--- The input Enclosed Below ---
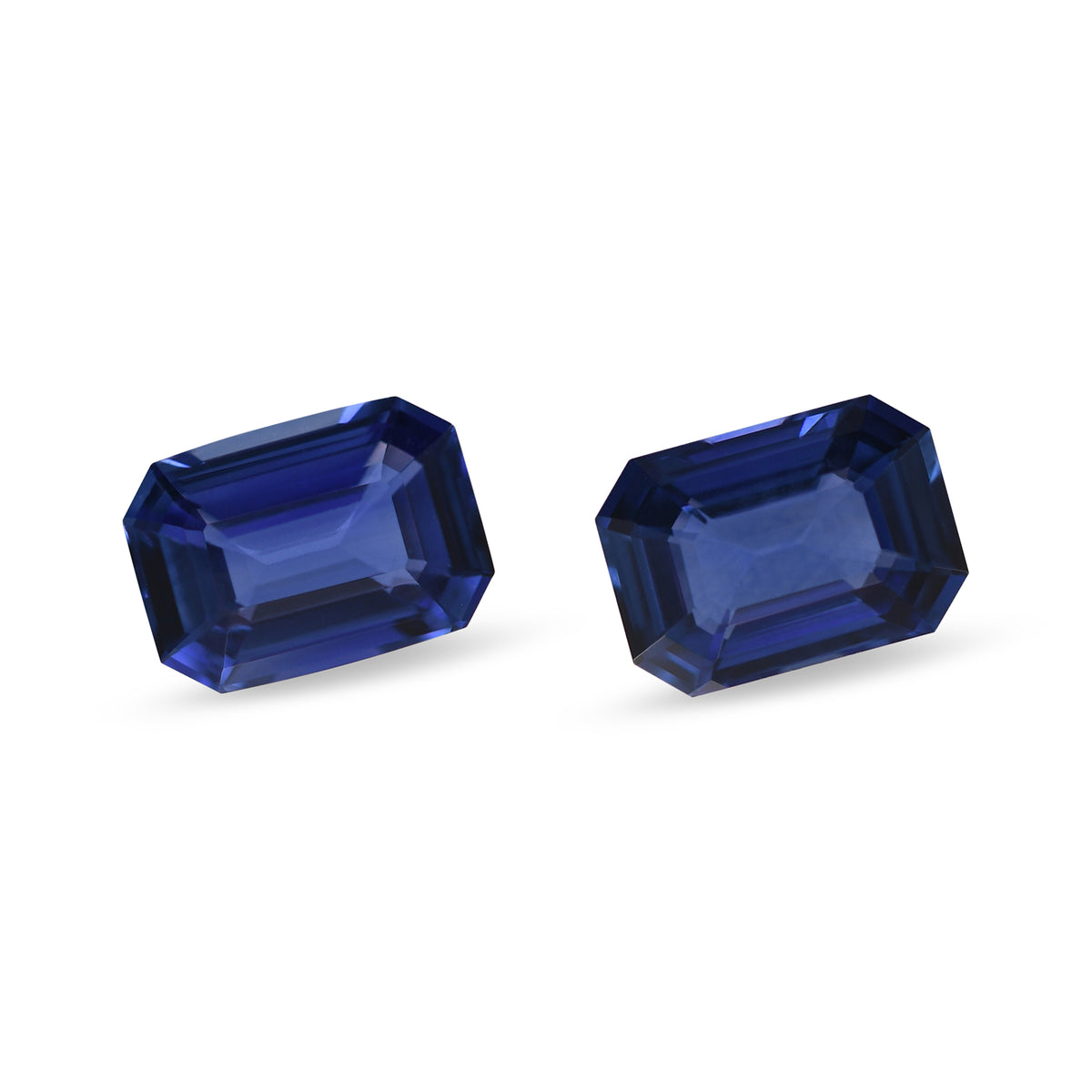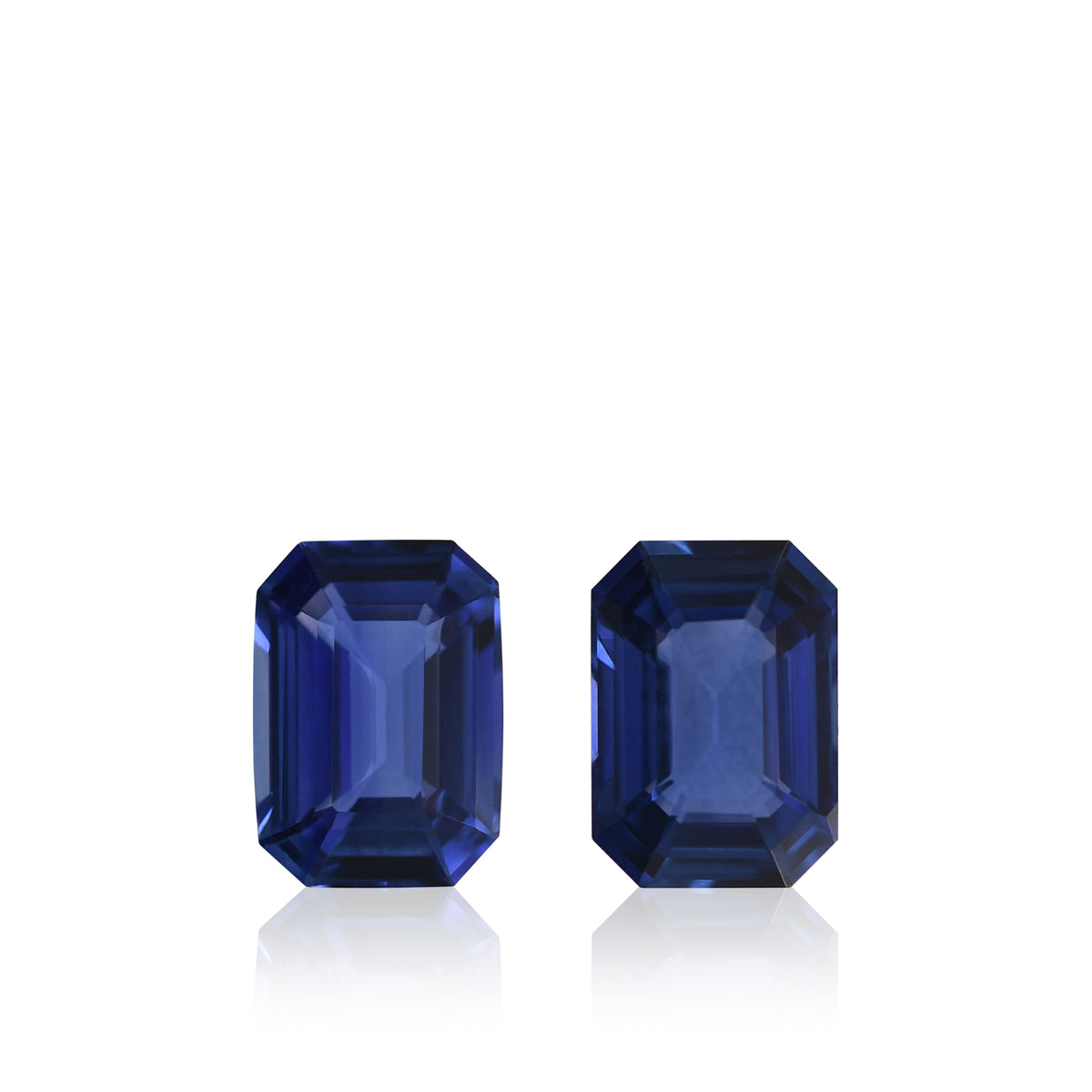 This exquisite pair of blue Sri Lankan sapphires weighs 2.08 carats total, featuring the deep, captivating blue tones these gemstones are celebrated for. Cut in an elegant emerald shape, both stones offer exceptional clarity and vivid color. Ideal for creating matching earrings or custom jewelry pieces.
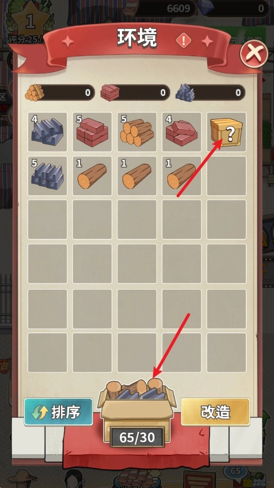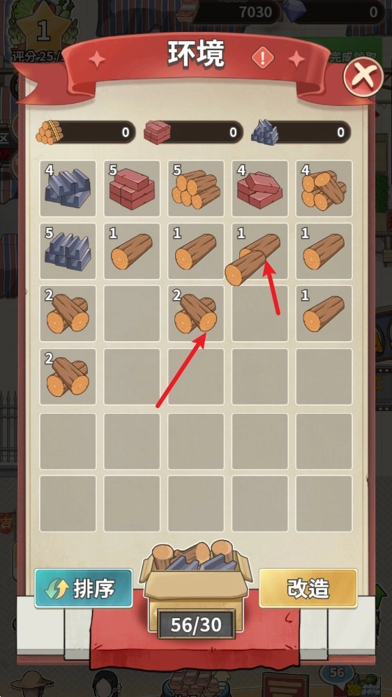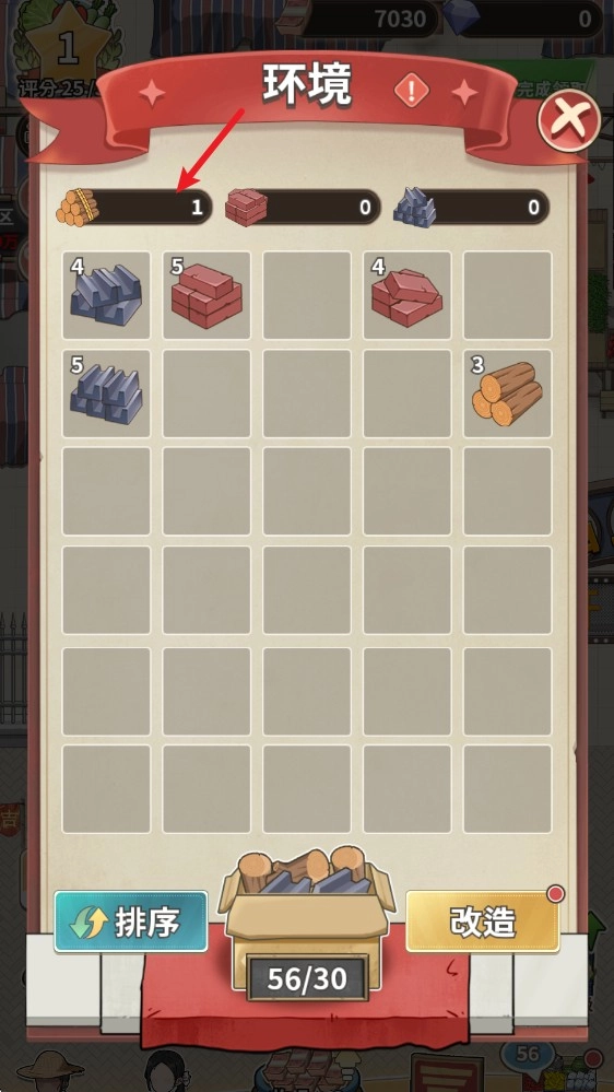 3、相同等级的建材能够进行合成,得到更高等级的建材,合成到6级之后就会变成改造材料了。
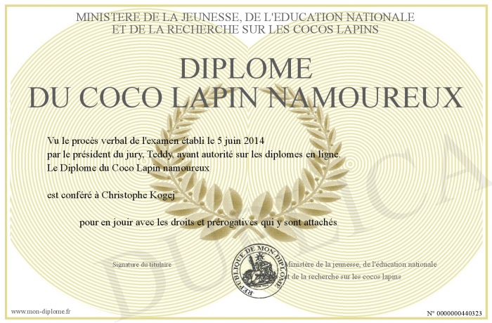 Envoyez par email votre Diplôme du Coco Lapin namoureux personalisé
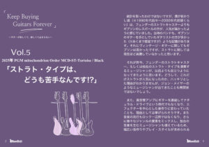 『Keep Buying Guitars Forever』〜ギターが欲しくて、欲しくて止まらない〜 Vol.5 2025年 PGM mitochondrion Order MCD-ST-Tortoise / Black「ストラト・タイプは、どうも苦手なんです!?」菊池慎平新着!!
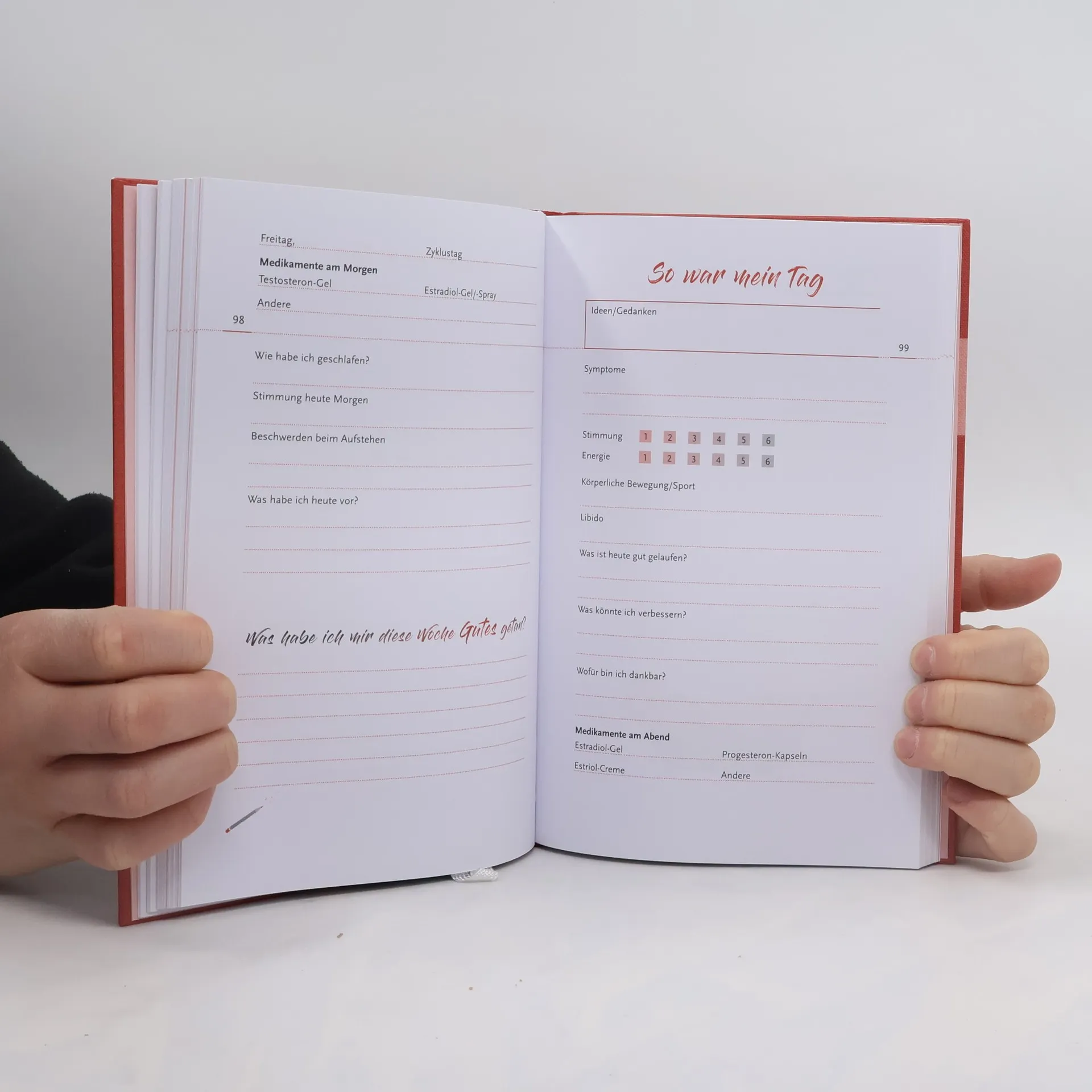 Die Wechseljahre sind eine Zeit des Wandels, eine Zeit, in der es sich lohnt, in sich reinzuhorchen und Veränderungen festzuhalten: Wann kommt mein Zyklus? Wie schlafe ich? Wie fit fühle ich mich? Wie ist meine Stimmung? Wie mein Gewicht? Mit diesem Gesundheitsjournal bietet Sheila de Liz ihren Leserinnen zum einen die Möglichkeit, ihre Symptome und Hormonwerte festzuhalten und so eine gute Gesprächsgrundlage für den nächsten Arzttermin zu schaffen. Zum anderen bietet es aber auch viel Raum, eigene Gedanken und Gefühle festzuhalten. So findet die Leserin neben Checklisten, Tabellen und Infokästen jede Menge Inspiration und Ermutigung von Deutschlands beliebtester Frauenärztin.
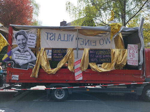 2011年から2017年までベルリンの平均年間家賃は6,840ユーロから11,520ユーロと68%も上昇した(ユーロ/円の年平均レートは2011年:111.06円、2017年:126.70円)。それでもミュンヘンなど他の大都市に比べるとやや安い水準であり、ロンドンなど西ヨーロッパの他の大都市と比べればさらに安い。こうした状況がさらなる不動産市場への投機を生んでいるのだが、そこにはベルリンが1989年まで東西に分断された都市であり、再開発がスタートしたのはそれ以降の比較的近年であるという独特の経緯がある。冷戦下で周囲を東ドイツに囲まれた西ベルリンでは労働力が不足したこともあり、現在人気のある地区であるクロイツベルクやノイケルンは当時はトルコなどからの移民労働者も多く居住する労働者階級の街だった。老朽化して放置された空き住居も多く、それらを占拠(スクウォット)する運動の波が数回に渡り起きた。またベルリンの壁崩壊後は混乱のなかで東ベルリンにおけるスクウォットも盛んとなった。スクウォットは新しい生活様式を実験し各種の政治・文化活動が活発に行われる自治空間であり、西ベルリンでは1980年代初頭のピーク時には170軒が占拠され5000人が住んでいたという。これら多数の自治空間を抱える地区は東西ドイツ再統一により突如として統一ドイツの首都の中心に位置することになり、以後激しい再開発の圧力にさらされることとなる。所有の権利そのものを問う運動であったスクウォット運動であるが、行政からの圧力もありほとんどが排除されるか、賃貸契約を結び合法化していく。合法化ののちも「ハウスプロジェクト」として地域に対し重要な役割を果たしてきている場所もまだ多く残っているが、契約更新を拒否され追い出される例もある。一例をあげるとコロナ禍のなか、クィアフェミニストハウスプロジェクトのLiebig34やKOPI Wagenplatz(テント村)、わが家の近所ではスクウォット由来ではないが80年代からの歴史ある左派バーSyndikatなどが強制排除された。いずれも多くの支援者が集まり排除に抗議した。追い出し後も物件は使用されるわけではなく放置されているケースが多く、投機目的の排除であることが伺える。
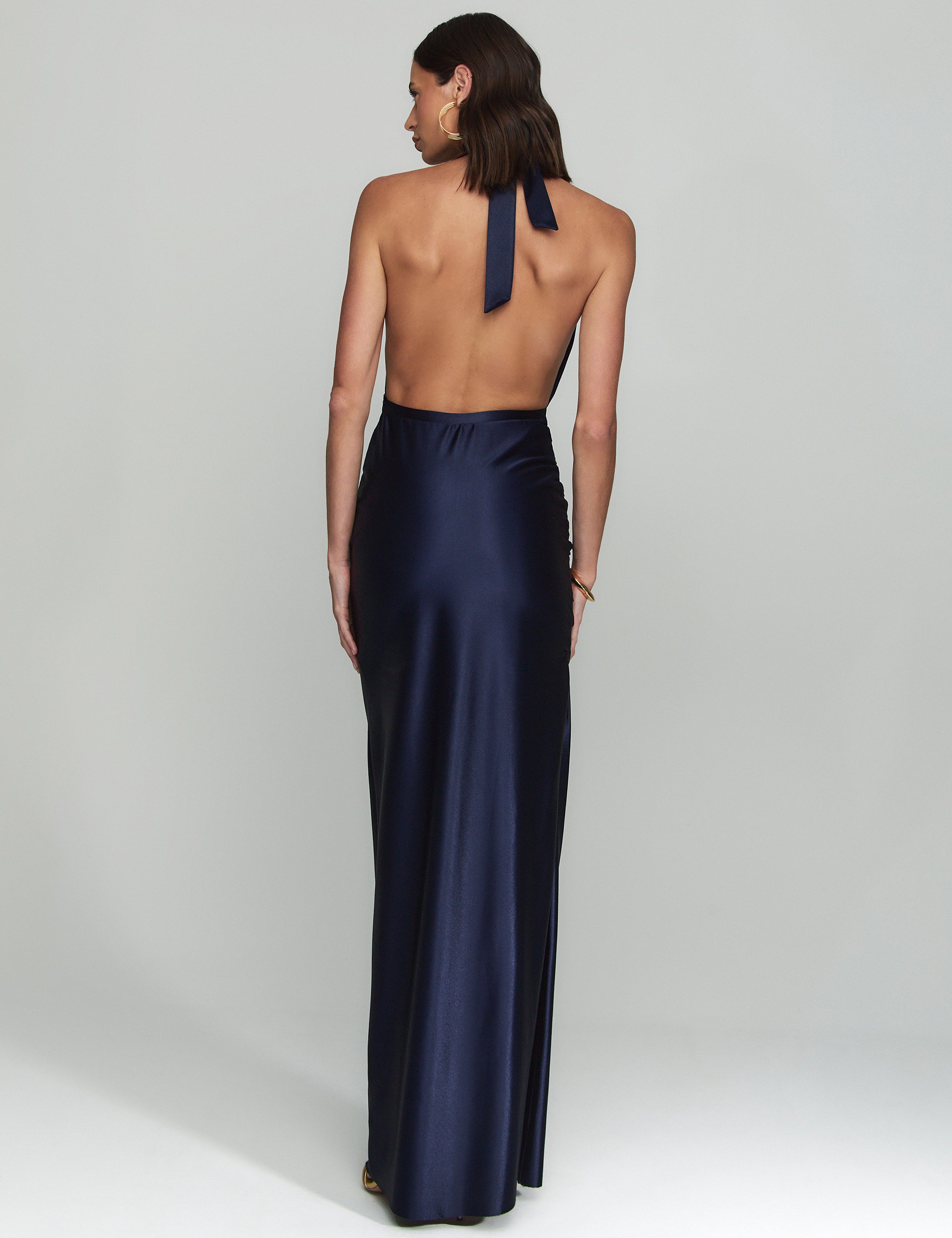 Robe longue dos nu, cintrée, avec un décolleté plongeant
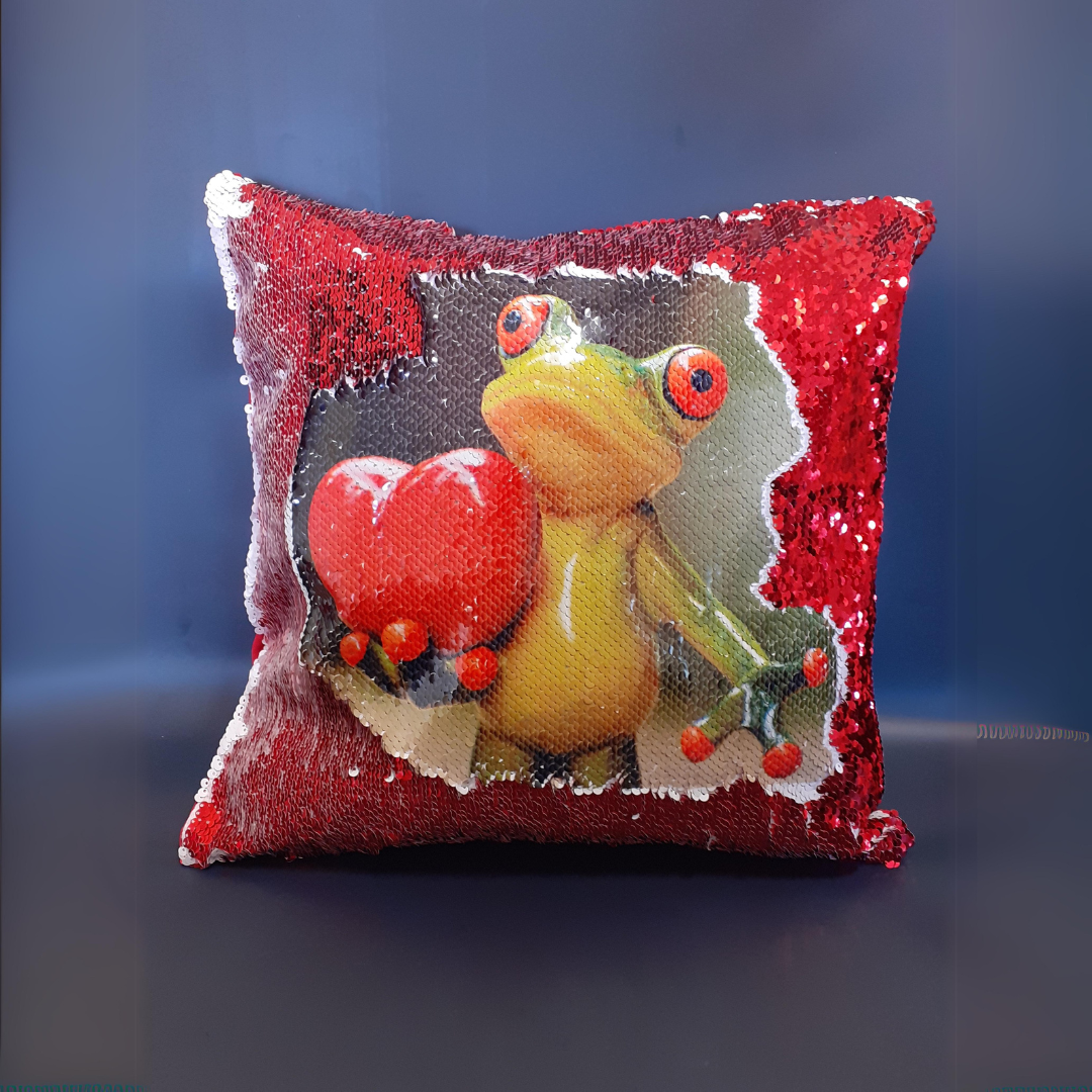 Ez a különleges párna aprószemcsés flitterekkel van ellátva, aminek egyik oldala nyomtatható. A másik oldala egy színből áll, ami lehet – piros, fekete, lila, kék (Fényképek esetén előfordulhat, hogy a flitterek nem pont ugyan oda simulnak vissza, így fehér pöttyök lehetnek. Inkább feliratok, logók, vektoros alakzatok nyomtatására alkalmas.)
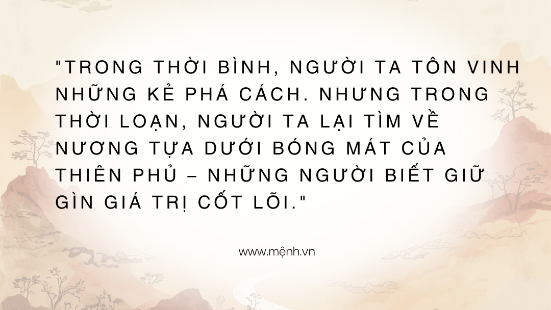 - Sự điềm tĩnh chữa lành: Giữa một xã hội đầy lo âu (Anxiety), sự bình thản, bao dung của Nữ Thiên Phủ là liều thuốc an thần cho gia đình và đồng nghiệp. Bạn là bến đỗ bình yên.
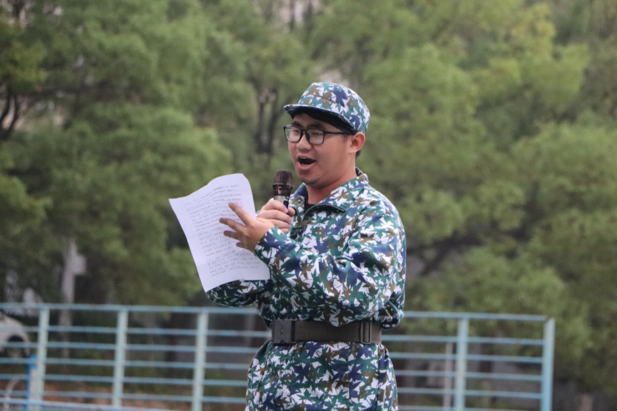 关淼老师为初赛致开场词。他围绕“爱我国防”主题,强调国防教育对青年成长的重要意义,并总结了军训开展以来新生的成长变化,肯定了大家在体能训练、纪律遵守、团队协作等方面的成长与进步,鼓励参赛选手立足军训经历,畅抒国防情怀,展现2025级新生的责任与担当。
--- End of Enclosed The input ---
• _Your objective_: Whatever pictures the records hold, omit them; give again exactly the lines from the one containing "3、相同等级的建材能够进行合" through the one containing "Die Wechseljahre sind".

• _Result_:
 3、相同等级的建材能够进行合成,得到更高等级的建材,合成到6级之后就会变成改造材料了。
 Envoyez par email votre Diplôme du Coco Lapin namoureux personalisé
 『Keep Buying Guitars Forever』〜ギターが欲しくて、欲しくて止まらない〜 Vol.5 2025年 PGM mitochondrion Order MCD-ST-Tortoise / Black「ストラト・タイプは、どうも苦手なんです!?」菊池慎平新着!!
 Die Wechseljahre sind eine Zeit des Wandels, eine Zeit, in der es sich lohnt, in sich reinzuhorchen und Veränderungen festzuhalten: Wann kommt mein Zyklus? Wie schlafe ich? Wie fit fühle ich mich? Wie ist meine Stimmung? Wie mein Gewicht? Mit diesem Gesundheitsjournal bietet Sheila de Liz ihren Leserinnen zum einen die Möglichkeit, ihre Symptome und Hormonwerte festzuhalten und so eine gute Gesprächsgrundlage für den nächsten Arzttermin zu schaffen. Zum anderen bietet es aber auch viel Raum, eigene Gedanken und Gefühle festzuhalten. So findet die Leserin neben Checklisten, Tabellen und Infokästen jede Menge Inspiration und Ermutigung von Deutschlands beliebtester Frauenärztin.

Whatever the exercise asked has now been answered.